Divya Bharathi laughs often. On the phone, it doesn’t sound like nervous laughter. There is a wide-eyed, innocent quality to it. It is likely the shy giggle of a woman who grew up in a village. But, on Saturday, there is every likelihood that this film-maker would face police action. Media headlines may describe her as the urban-rural Naxalite from Tamil Nadu, if they choose to cite the police version of events.

Police harassment is not new for Divya Bharathi. The screening of her landmark expose on manual scavenging, ‘Kakkoos’, was disrupted across the state by the police. For them, the screening of the movie meant law and order problems.

Kakkoos dealt with the practice of manual scavenging and the caste basis of the practice, while critiquing the poor implementation of the law on manual scavenging. Swacch Bharat was critiqued too. Trenchant and well-researched, the film should have shamed authorities into action but it invited police action.

On Saturday, her film on the Ockhi disaster and the state’s response to it, “Orutharum Varale” will be on YouTube. The trailer is already out. Given her past experience when Kakkoos was disrupted if the screening was publicly announced, Divya Bharathi has released Orutharum in Chinnathurai, a fishermen village affected by the disaster in Kanyakumari, without a public announcement. “Thousands of villagers saw it though,” she says.

Even as Kakkoos was set for release early March, police started disrupting its screening in various places. In August, Pudhiya Tamilagam leader K Krishnaswamy said members of his caste group were portrayed negatively and criticized the film. Divya Bharathi soon started receiving phone calls with obscenities and abuses – some threatening her with violence and worse. Based on a complaint lodged at that time, she was charged under various sections of criminal law including Section 66F of the IT Act relating to cyber terrorism. After the Orutharum trailer was released, a case was lodged in Gudalur, Ooty. She had to stay there to obtain bail.

Divya Bharathi is a former activist of the CPI (ML) Liberation. Having its moorings in the Naxalite movement, the party emerged in the open more than two decades ago, denouncing Naxalism and deciding to contest elections. For the police, Divya Bharathi, who joined the party well after it came overground, is a Naxalite. 
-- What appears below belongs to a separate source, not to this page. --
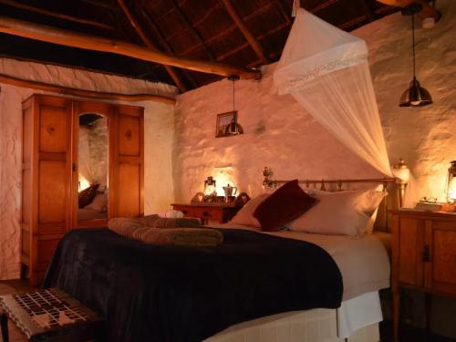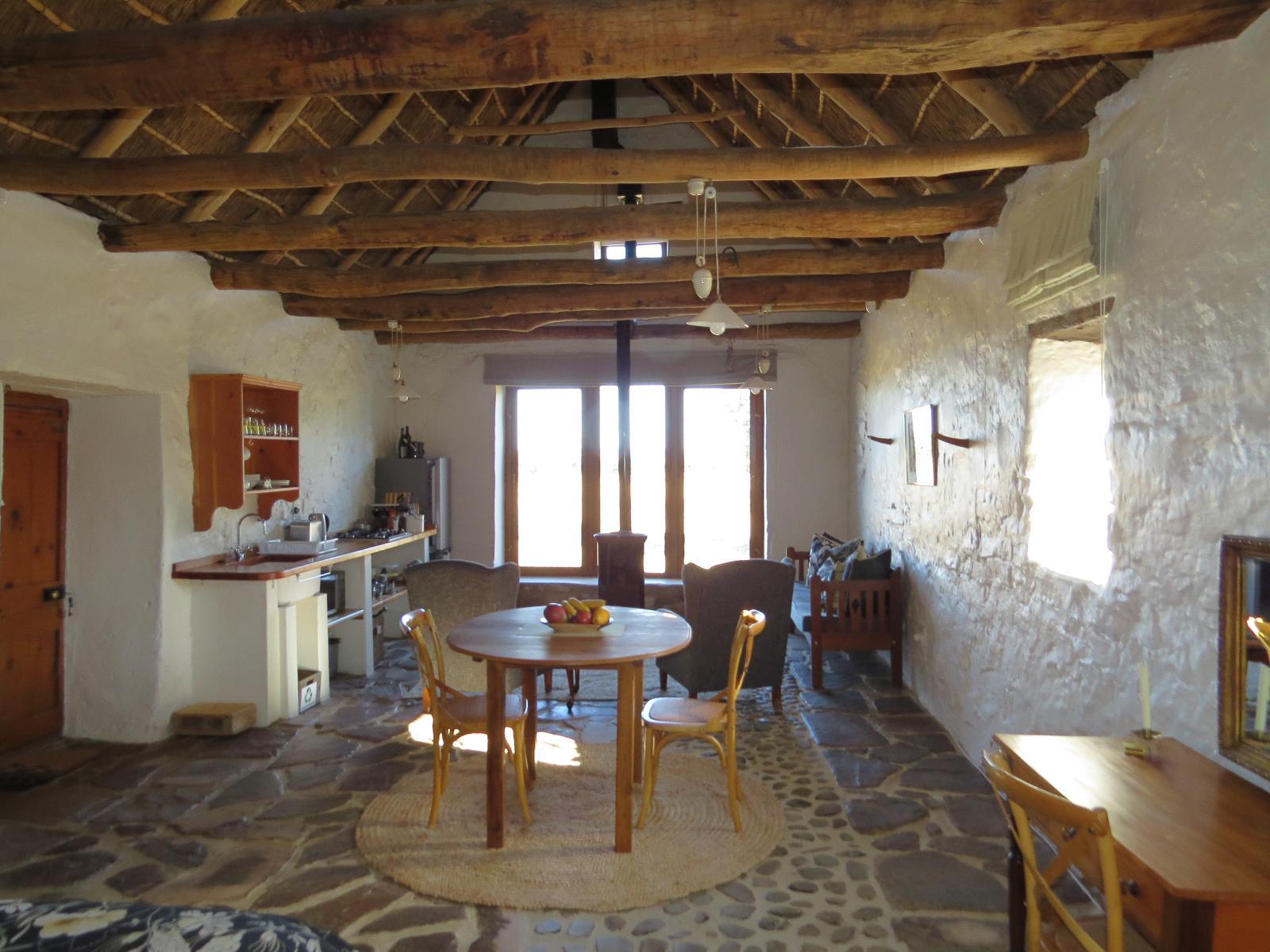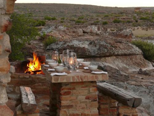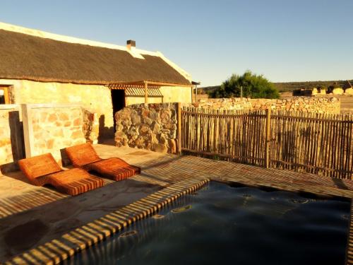 Papkuilsfontein Guest Farm is a working veld management and flower conservation farm, offering three self-catering cottages.The three sandstone and thatched cottages are fully equipped, with furnishings maintaining historical charm. Gas lamps and lanterns provide lighting and add to the ambiance of the houses. Gas geysers ensure that guests can still enjoy a luxurious warm bath. The kitchens are fully equipped for those who would like to self cater, and for those who want to be spoiled, a three course dinner is prepared and breakfast is served at the main house. Each cottage has an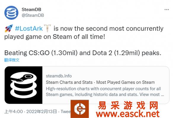 《失落的方舟(Lost Ark)》已成为Steam上为数不多的同时在线人数超过100万的游戏之一。不仅...

This daughter of a cotton mill worker in a village in Virudhunagar district is unfazed, however. Even when the trailer was released – on June 28 – police in civvies descended on her house. They accosted her on the Madurai High Court campus where she practices law.

Divya Bharathi has beaten down a string of cases – filed during her years as CPI (ML) Liberation activist. A law graduate, she was able to enroll in the bar after a long fight in court since there were cases pending against her. 

Divya Bharathi keeps using the word struggle while speaking. Will the next few days add to her struggles? Only the police know the answer to it.